¿Con quién compararé a los hombres de esta generación?... Se parecen a los chiquillos que están sentados en la plaza, y se gritan unos a otros: Os hemos tocado la flauta y no habéis bailado, os hemos cantado endechas y no habéis llorado.
A Juan Bautista, que hacía sonar músicas fúnebres, le colgaron el sambenito de endemoniado. A Jesús que hace sonar músicas nupciales, le tratan de comilón y borracho. ¡Qué fácil encontrar excusas para continuar sentados, muy ocupados en no hacer nada (2 Tes 3, 11)! ¡Qué fácil ser expertos en críticas y negatividades, convencidos de que ese es el fruto especial de una inteligencia y moralidad superiores! ¡Qué fácil deslizarse hacia la autocomplacencia hasta carecer de autocrítica!

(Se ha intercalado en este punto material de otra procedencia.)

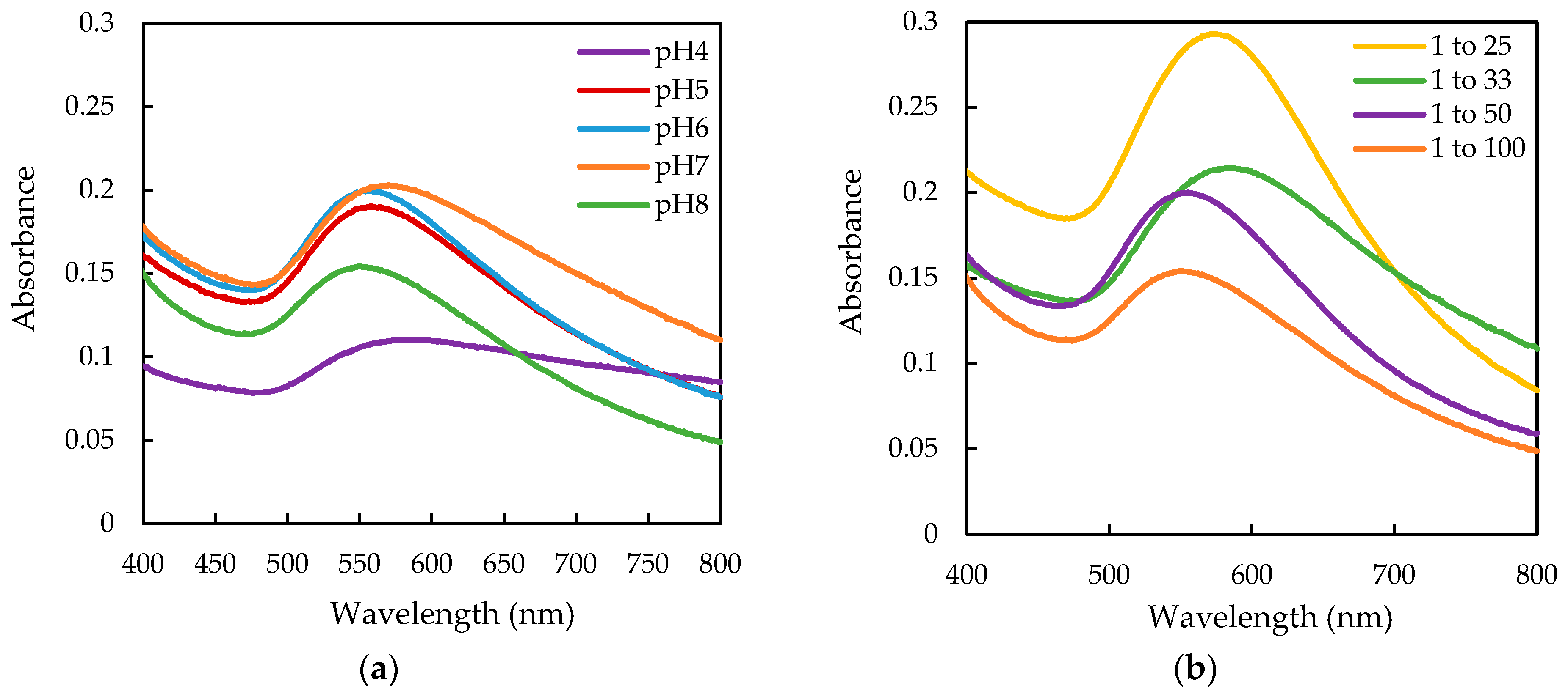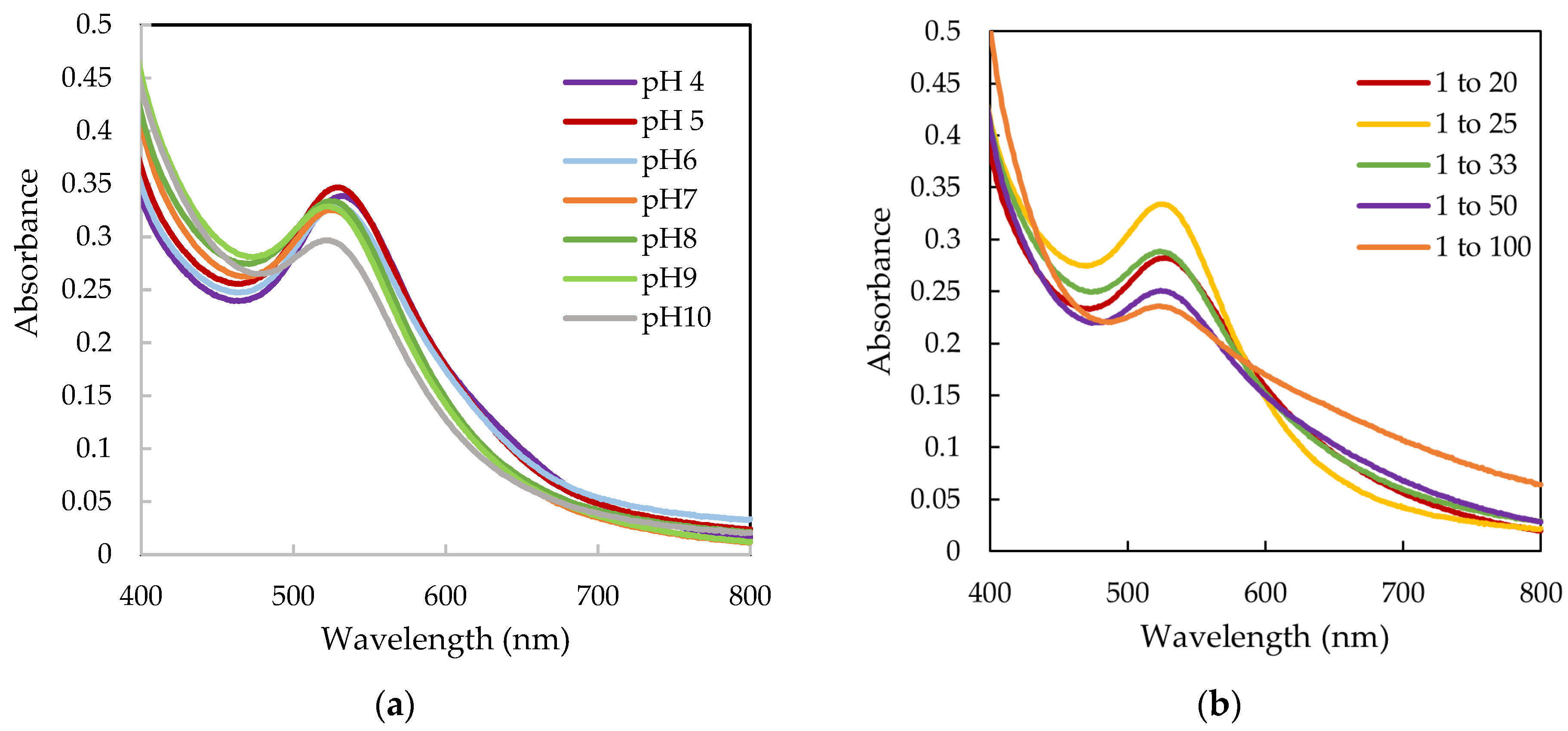 - Bano, A.; Dawood, A.; Rida; Saira, F.; Malik, A.; Alkholief, M.; Ahmad, H.; Khan, M.A.; Ahmad, Z.; Bazighifan, O. Enhancing catalytic activity of gold nanoparticles in a standard redox reaction by investigating the impact of AuNPs size, temperature and reductant concentrations. Sci. Rep. 2023, 13, 12359. [Google Scholar] [CrossRef]

La crítica y la murmuración se dan en todo tiempo y en todo lugar; también entre los piadosos. Todos conocemos personas moralmente correctas, pero tóxicas, expertas en negatividades. Claro que todos, en mayor o menor medida, tenemos una dosis de este virus tan enemigo de la fraternidad y la convivencia. Entendamos que cuando vemos y expresamos negatividades ajenas, lo que hacemos es proyectar en los demás lo nuestro: ¿Por qué te fijas en la mota en el ojo de tu hermano y no reparas en la viga del tuyo? (Mt 7, 3).
Insistamos sin descanso ante el Señor para que haga de nosotros un suave aceite que ayude a la complicada máquina de la convivencia funcionar sin chirridos. Alguien como san Pablo, que tanto sufrió por su fuerte carácter, nos exhorta así: Un siervo del Señor no ha de pelear, sino ser amable con todos (2 Tim 2, 24). Sea vuestra conversación grata, con su pizca de sal, sabiendo responder a cada uno como conviene (Col 4, 6).